Yee’s point is well-taken. With the recent news attention on the potential for injuries in yoga class, and the healthcare industry’s historical resistance to alternative healing, it’s not a given that the practice will be easily accepted in medical settings. Yoga teachers who plan to work in hospitals should follow Yee’s lead and commit to setting a high standard for conscious and careful teaching.

–Carmel Wroth

Kirtan with Krishna Das

More than 700 people flocked to the San Francisco Yoga Journal conference tonight to sing with the Godfather of Chant, Krishna Das, and wow, did he deliver. Part kirtan (call-and-response chanting) and part satsang (a wise talk given by a spiritual teacher), the three-hour set featured seven of Krishna Das’s most beloved chants, prayers in at least two Indian languages, and his captivating stories about the time he spent in a Hanuman temple high in the Himalayas with his guru, Neem Karoli Baba (also known as Maharishi).

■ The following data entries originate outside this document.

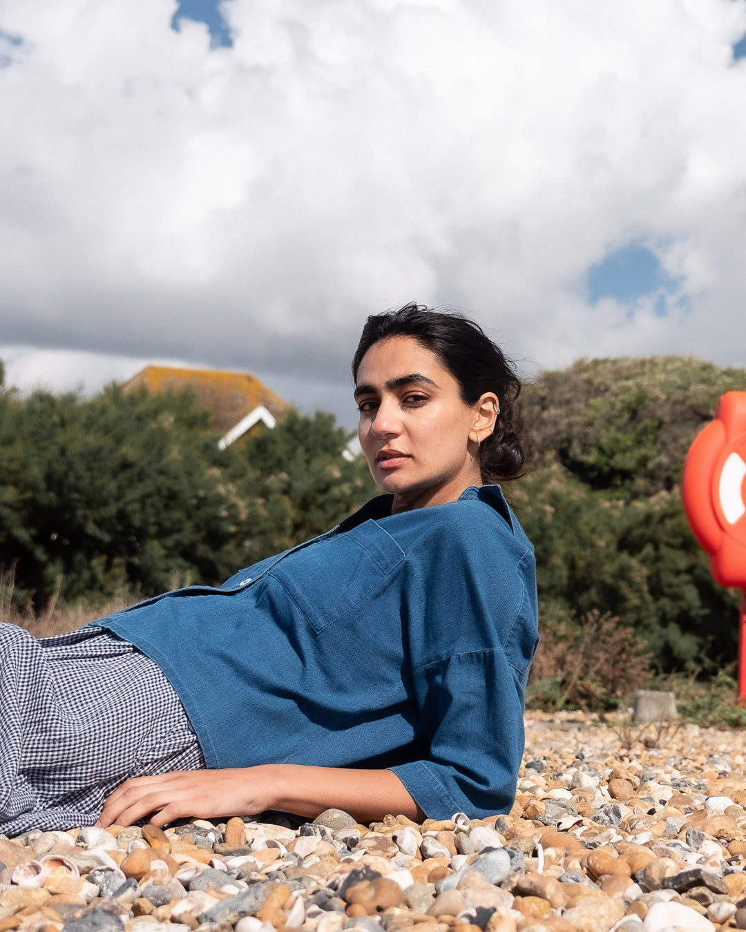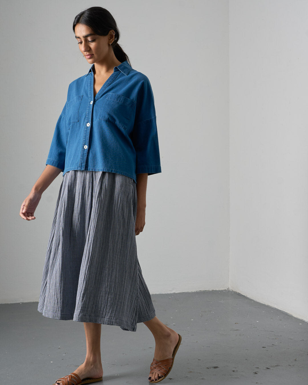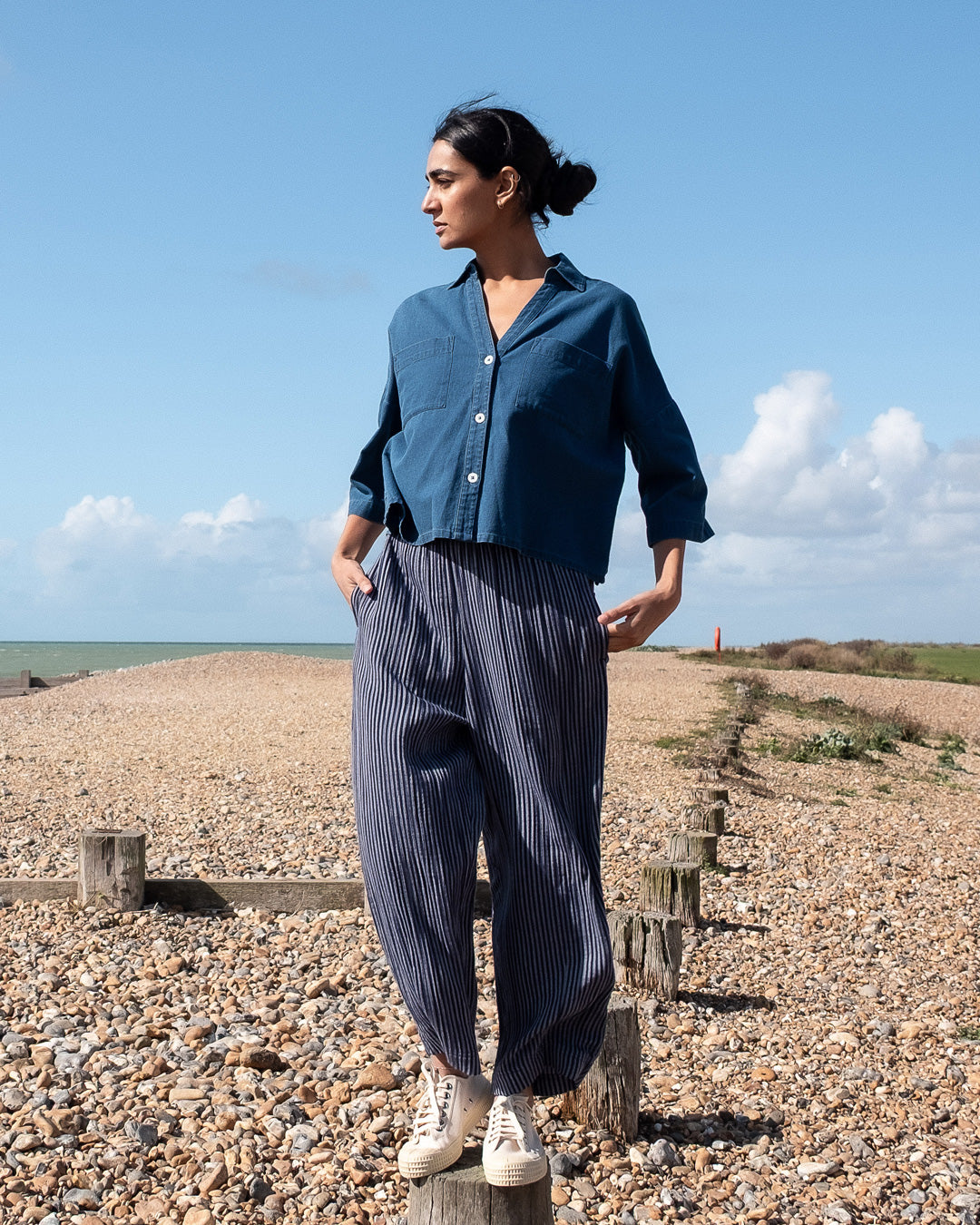 This gorgeous Bibico Ava Shirt in Cotton blouse in a gorgeous textured denim. Soft, supple, and breathable, with a comfortable weight. Cropped, oversized shape with a shirt collar and V-neck opening, dropped shoulders, and bracelet-length sleeves. Back yoke detail and hanging loop, and two patch pockets. A familiar BIBICO piece to wear year after year.
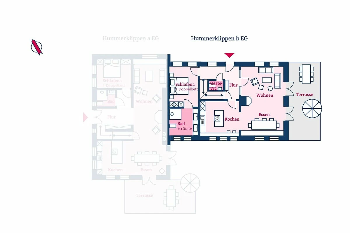 Der reetgedeckte Ferienhausteil Hummerklippen b verfügt über 3 Schlafzimmer und 3 Bäder und bietet somit komfortabel Platz für bis zu 6 Personen zuzüglich einer Kleinkinderaufbettung.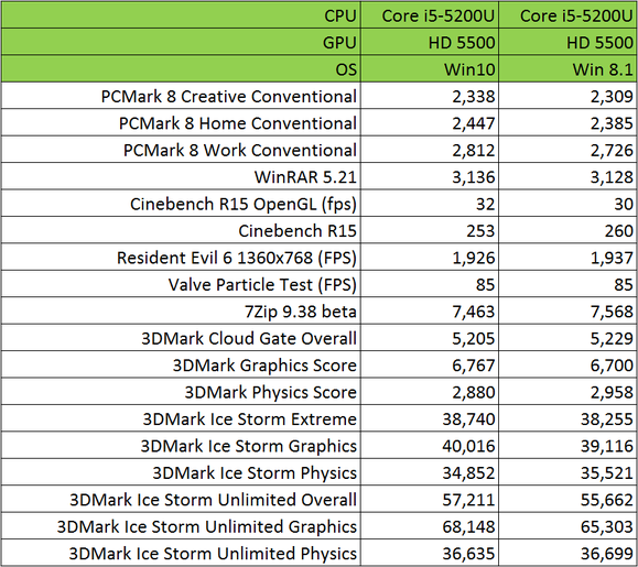 为确保测试的公平性,外媒测试团队使用了两台相同规格的惠普Spectre X360笔记本,采用相同的屏幕和电池,相同的8GB LPDDR3内存、128GB SSD存储,英特尔Core i5 -5200处理器,相同的BIOS版本,只是其中一款安装了Windows 10 Build 10240版本,而另一款安装了Windows 8.1 家庭版。测试项目包含文件压缩、性能跑分、3D渲染和DX9和DX11的一连串跑分,测试软件包括PCMark 8,WinRar、CineBench, Valve’s old Particle Test, 7Zip, Passmark 和3DMark等等。

Sporting his trademark flannel shirt and silvery goatee, Krishna Das led us in three centering Oms, then sang a prayer “to the presence of grace that lives within our hearts.” He explained the meaning of kirtan early on, for any beginners in the audience. “What we are doing is called repetition of the divine names. Every time we repeat these names, we move more deeply inside our own heart.”

Even though he had a cold, KD threw himself into every prayer and every chant, and by the end of the night we were on our feet, singing, dancing, clapping, swaying. In fact, a group of dancers and bystanders circled the massive room like a ring of bhakti (devotional) fire, which seemed so appropriate to me. The circle was complete.

My favorite chants included a sweet but eventually rollicking version of “Jai Jagadambe,” which featured a slow, mournful solo from violinist Genevieve Walker; a buoyant take on “Jesus on the Mainline”; and a sweet, closing song, “Jai Bhagavan”—a lullaby that’s luring me to sleep.